(RECORDED DATA)

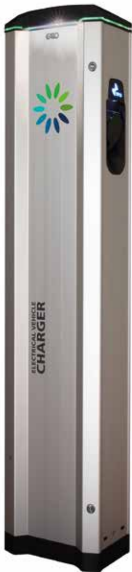
LS4 MAAHAN ASENNETTAVA Korkeus: 1400 mm
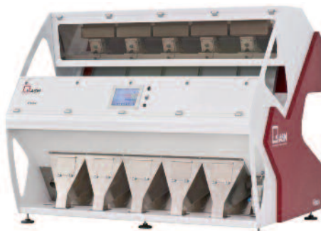
Anlagen von ein bis fünf Kanälen möglich, hier ASM VISION Fünfkanal-Farbsortierer

Die neueste Generation der Farb- und Formsorierer ASM Vision sind in der Lage sowohl unerwünschte als
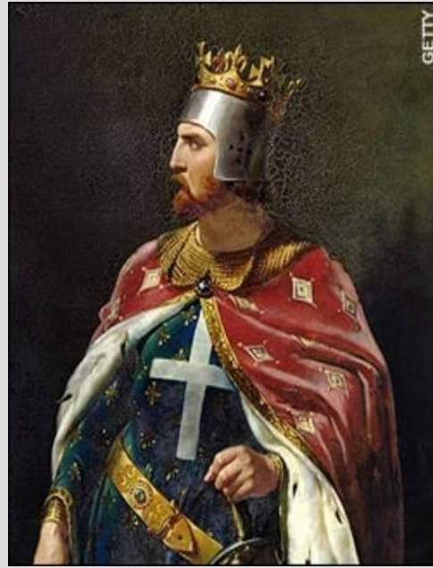
Рис. 7. Ричард Львиное Сердце – король Англии

(End RECORDED DATA)

■ EXERCISE OBJECTIVE: With the images omitted, repeat all the data word for word.

■ ANSWER BOX:
LS4 MAAHAN ASENNETTAVA Korkeus: 1400 mm
Anlagen von ein bis fünf Kanälen möglich, hier ASM VISION Fünfkanal-Farbsortierer

Die neueste Generation der Farb- und Formsorierer ASM Vision sind in der Lage sowohl unerwünschte als
Рис. 7. Ричард Львиное Сердце – король Англии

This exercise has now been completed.